Determined to avoid a mid-afternoon collapse due to tiredness, I caught a bus into the city centre of Christchurch to delay sleep until ‘local time’. I must admit, after visiting New Zealand before, with Christchurch being one of my favourite places, I had a morbid curiosity to see the damage for myself. In Hagley Park, I felt transported back to the English spring. The daffodils were out in force, with blossom on the trees and the Camillia all in full bloom.
There was a nip in the air, as I walked from the bus from South Hagley Park to North. There was a schools rugby competition on, and the cricket squares were beginning to be mowed. There was a little damage from the earthquake, although there was some ground works underway. I walked through the Botanic Gardens to the North part of the Park, along the riverside. A sign advised that the River Avon was polluted and stopped people coming in contact with the water, although there were ducks on the water, which looked pretty healthy.

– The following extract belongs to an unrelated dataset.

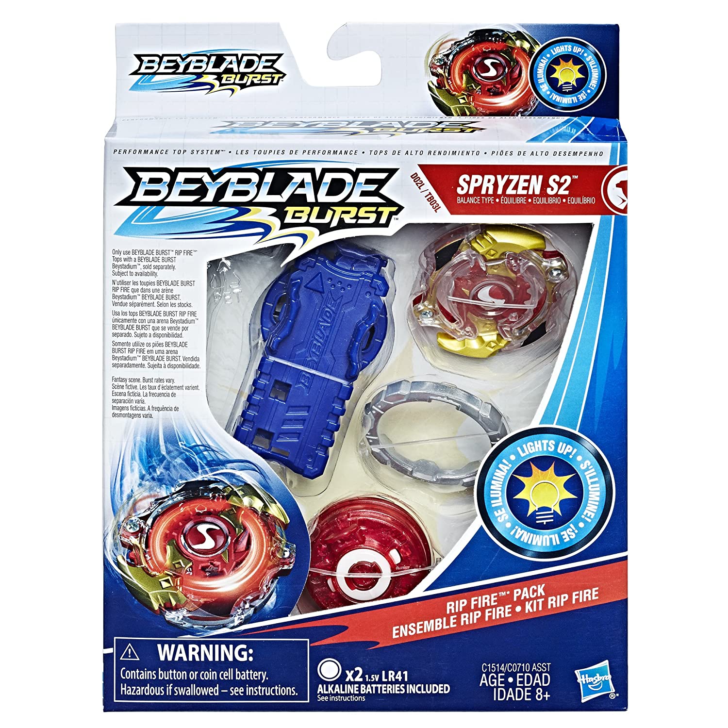 Face off against an opponent with Beyblade Burst Rip Fire tops that can "burst" into pieces resulting in 2 points for the other player (burst rates vary). First blader to reach 3 points wins. Beyblade Burst Rip Fire tops have all the burst action of Beyblade Burst tops plus a light-up feature for an eye-catching effect. Includes 1 Beyblade Burst right-spin launcher & 1 Beyblade Burst Rip Fire right-spin top consisting of Beyblade Burst: Energy Layer -- Spryzen S2 (aka Storm Spryzen) Rip Fire Forge Disc -- D02L (aka Knuckle) Rip Fire Performance Tip -- TD03L (aka Unite) Scan code on Beyblade Burst Rip Fire tops’ Energy Layers to unlock them and mix and match with other components in the Beyblade Burst app. Let it rip! Beyblade Burst Rip Fire tops are compatible only with other Beyblade Burst Rip Fire top components and Beyblade Burst Energy Layers. Requires Beyblade Burst Beystadium, sold separately. Subject to availability. Hasbro and all related terms are trademarks of Hasbro.

I crossed Rolleston Avenue (27 hours in flight to end up back at home….) to walk into the centre. The Christ Church College – Alma Mater, I believe to Andrew Mertens and Daniel Carter, as well as many other All Blacks, had some scaffolding, but seemed to be fully functioning as a school. Across the road in Worcester Boulevard, the tram line was closed off, Rolleston House and the Arts Centre were fenced off with RSG’s propping up some of the walls. A valiant Cheesemonger and a Bistro was still operating, although on the door there was a certificate from the local council stating that the building was safe for occupancy. That was as far as I could go, however, as the city centre was completely fenced off. What struck me was that less than a block away, life was going on as normal. The multi-storey hospital was fully operational, businesses were carrying on as usual, and homes were undamaged. The earthquake must have been really centralised in on a small area, but in the hotel, there are signs asking us to boil water, that have recently been lifted and asking us to preserve water by being as quick in the shower as possible, as to the east of the city, locals stll don’t have a supply. (I bet those French props will be helping preserve the water.)
I could not feel the buzz of the city like last time though, although billboards and the buses had defiant advertisements from businesses, and student volunteers that they were carrying on as usual and were determined to re-build their Christchurch. Maybe that enterprising can-do spirit demonstrated by their immigrant ancestors, business-as usual where possible, and the advertisements will carry them through. I do hope so.
On my way back, I was cheered up by a visit to Christchurch’s contribution to the World Cup. The fact that they can’t host games is a tragedy, but nothing in comparison to what happened to them in September last year and February. They are determined to take part, however, and have set up a Fan Zone. To me, Wales and Rugby School aren’t the soul of rugby, Christchurch is, with New Zealand the heart. No other country has the same degree of intensity, in defining their national identity in the same way. Dallaglio has recently said the same. Even the cleaning ladies in the hotels know and understand the game and have opinions on who the New Zealand scrum half should be, but also who their opposition’s best player for the position is. There are people in the UK who are not even aware that the third biggest global sporting event is even on.
In Christchurch, they live and breathe rugby, and on every piece of open space there are rugby posts. On site was a history tent, showing how New Zealanders have watched (and listened) to games in their homes, from the start of the last century to today. They are also using the Fan zone to show the ambitious plans to re-build the city centre. There was a tented nightclub, public artworks and the ‘Earth from the Air’ photography exhibition to add to it. There are obviously rugby posts and a big screen to watch the games – watching with friends and making friends from rugby is one of the things I love about the game.
‘I feel the Earth move’ – Carole King – a little insensitive perhaps considering the enormity of what happened.